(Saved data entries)
-.-.-

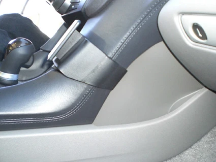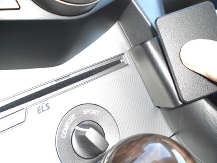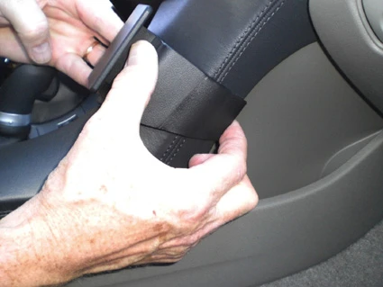 Place your hand over the right side of the ProClip and press forward with your thumb. At the same time pull the angled edge away from the console sidewall to clear off the padding. Then hook the angled edge into the gap in the sidewall.
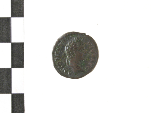 Testa laureata di Antonino III a d.; contorno perlinato.
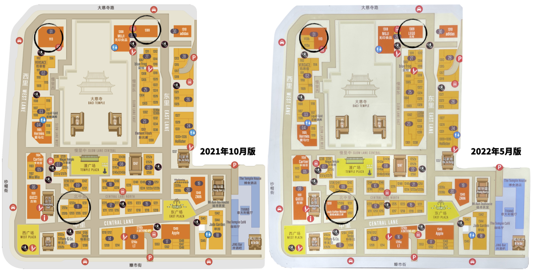 1113號(hào)店鋪被拆分為3個(gè),其中1113a為Yohji Yamamoto山本耀司,1113b為ETRO的廣告圍擋;1309號(hào)店鋪從未標(biāo)注變化為L(zhǎng)EGO樂高;11棟的1201a、1201b、1203、1205共計(jì)4家店鋪,與新標(biāo)注了鋪位號(hào)1120的廣東會(huì)館,一起合并為路易威登之家
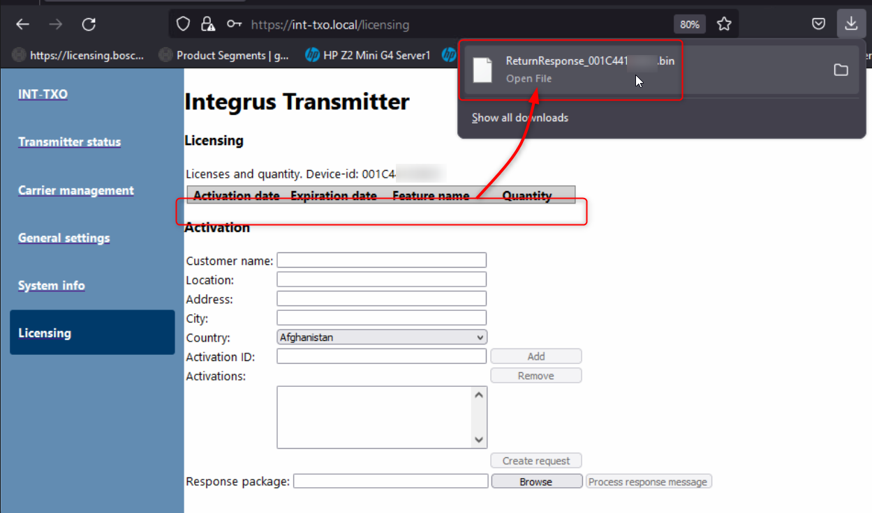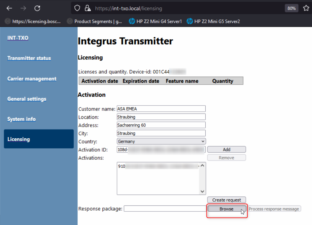 Brows in the TXO Licensing page for the ResponseRequest file which were created via the System Activation Site
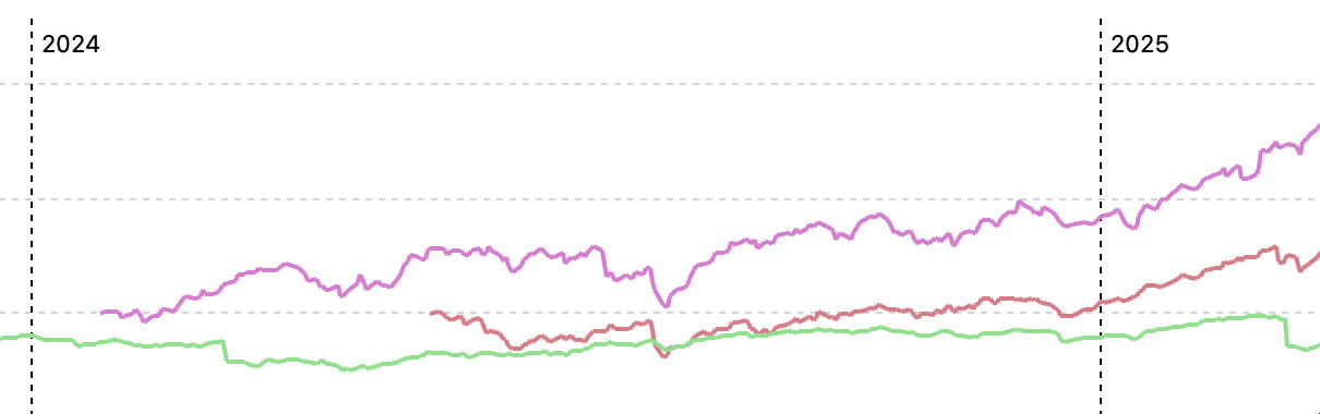 hast du auch gesehen, dass du nicht nur mehrere Aktien in einem Diagramm nebeneinander darstellen kannst, sondern auch ein Wertpapier (oder Index) als Benchmark hinzufügen kannst?
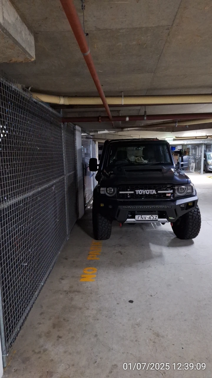 10 June 2025 - Uniqueco Property Management Director Steve Carbone, as witnessed by handyman Warwick and two technicans from FlameSafe, happily encouraged Lot 158 to take photo of his car illegally parked in private garage in basement of Block D:
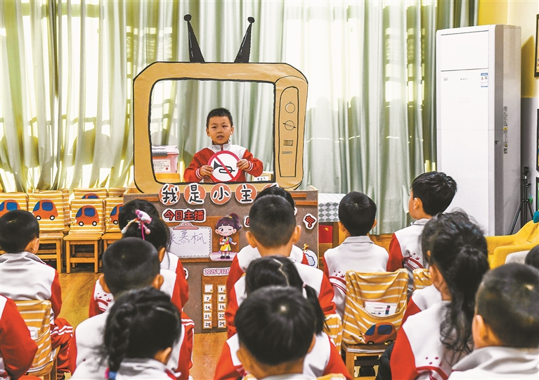 左图:12月1日,河北省唐山市海港经济开发区第二幼儿园的“小主播”给小朋友们讲解交通安全知识。新华社发(刘满仓 摄)
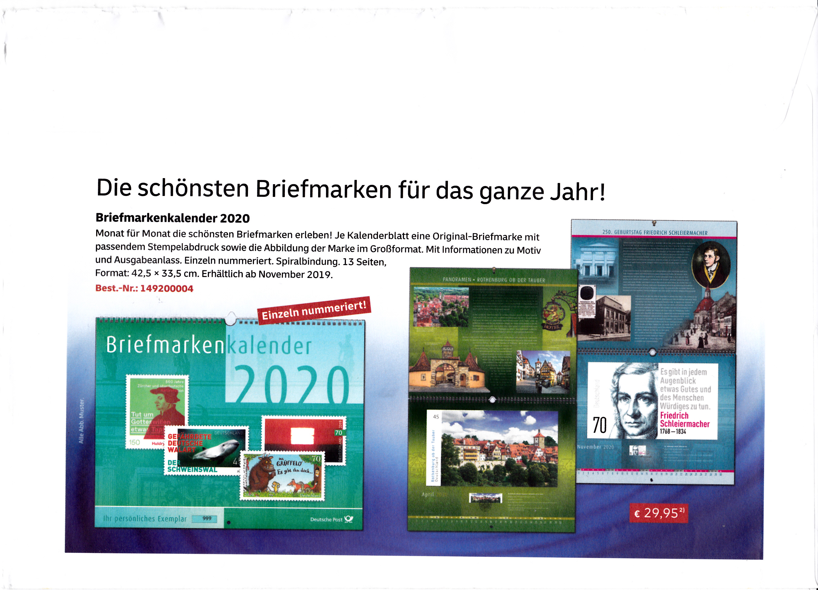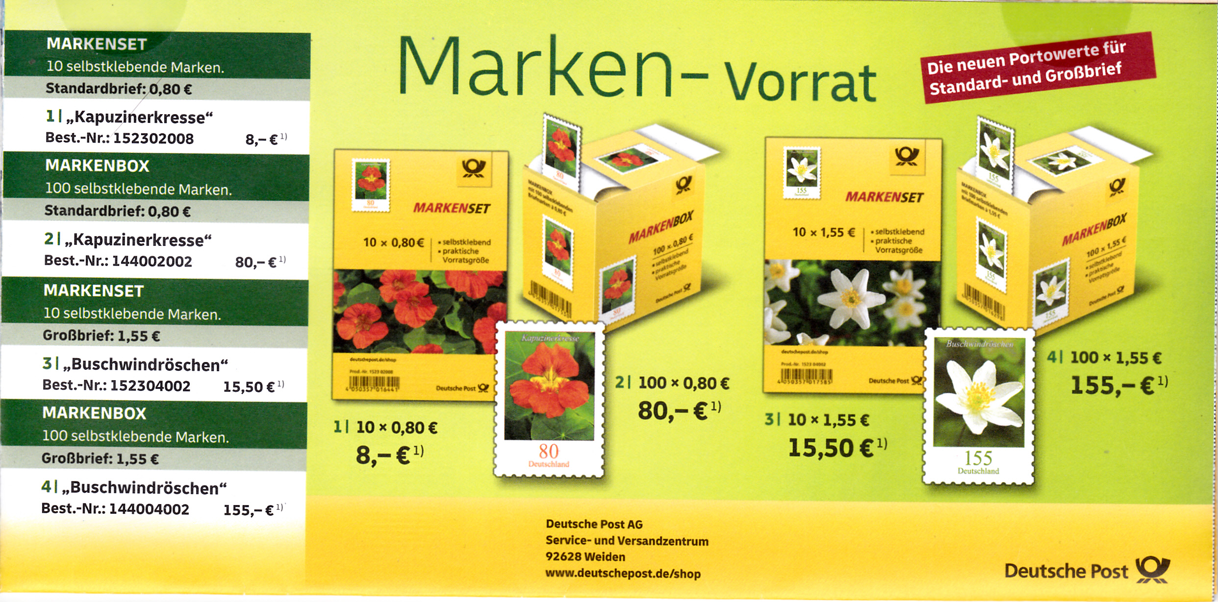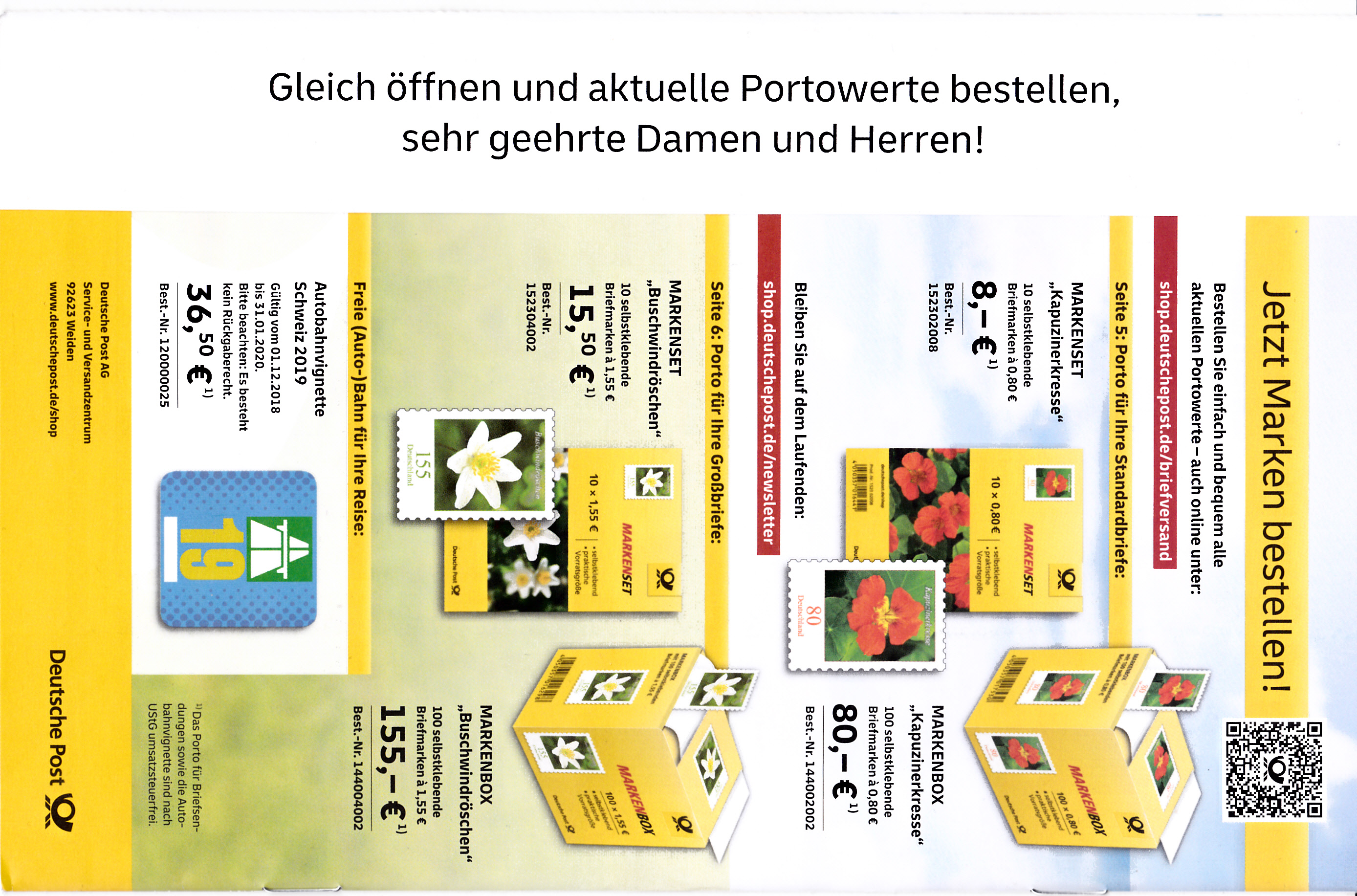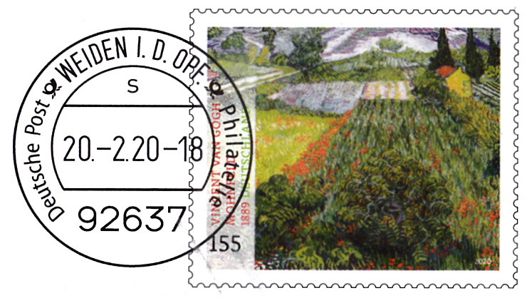 Diese Broschüre im Format 235 x 152 mm (unten geheftet) hat einen Wertstempel mit der 155 Cent Marke (MiNr 3512) mit dem Gemälde "Mohnfeld" von Vincent van Gogh aus der Serie "Schätze aus deutschen Museen" mit aufgedruckter Zähnung und Vorausentwertung "Deutsche Post (Posthorn) WEIDEN I.D.OPF (Posthorn) Philatelie/ s / 20.-2.20-18".

-.-.-

TASK STATEMENT
Pictures aside, set down the lines from the one containing "左图:12月1日,河北省唐山" through the end of the records above, exactly and only those.

WORKED SOLUTION
 左图:12月1日,河北省唐山市海港经济开发区第二幼儿园的“小主播”给小朋友们讲解交通安全知识。新华社发(刘满仓 摄)
 Diese Broschüre im Format 235 x 152 mm (unten geheftet) hat einen Wertstempel mit der 155 Cent Marke (MiNr 3512) mit dem Gemälde "Mohnfeld" von Vincent van Gogh aus der Serie "Schätze aus deutschen Museen" mit aufgedruckter Zähnung und Vorausentwertung "Deutsche Post (Posthorn) WEIDEN I.D.OPF (Posthorn) Philatelie/ s / 20.-2.20-18".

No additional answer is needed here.